The CEQA bill is more likely to be enacted into law. Steinberg deliberately created a consensus bill with little opposition and it passed the Senate 39-0. The redevelopment bill – a rerun of last year's SB 1156, which passed the Legislature but was vetoed by Gov. Jerry Brown – passed the Senate 27-11 on a party-line vote and Brown may well veto it again.
Perhaps the biggest CEQA change called for in SB 731 is the creation of state significance thresholds for parking, transportation, and noise. The bill would allow local governments to create stricter standards – but one can imagine quick a battle at the Natural Resources Agency and the Office of Planning & Research over whether the state thresholds should be strong or weak. In addition, the bill would ditch aesthetics as a CEQA issue.

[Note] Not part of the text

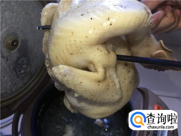 大概煮10分钟左右,就要吊一次鸡了,目的就是把鸡肚子里面的水给更换一次,这个步骤很重要的哦,用筷子夹住鸡的两边翅膀,然后把鸡肚子里面的水给倒出来,然后再把鸡放入锅中煮,这样整个鸡就可以均匀受热了。

Steinberg's bill originally called for an appropriation of $30 million per year to fund planning grants through the Strategic Growth Council, but the language was watered down simply to say that this is the Legislature's intent. With such broad support, it seems likely that Brown will sign the bill.
An excellent rundown of the bill was prepared by the Manatt law firm.
The redevelopment bill, SB 1, continues to mirror last year's bill, permitting the creation of a "sustainable communities investment authority" with limited access to tax-increment financing if both the city and the county agree to it. The redevelopment areas to be created would be limited to transit-rich locations, "small walkable areas," and clean energy manufacturing sites.
Although the bill appears likely to pass the Legislature for the second year in a row, there is no reason to believe Brown has changed his mind on vetoing it.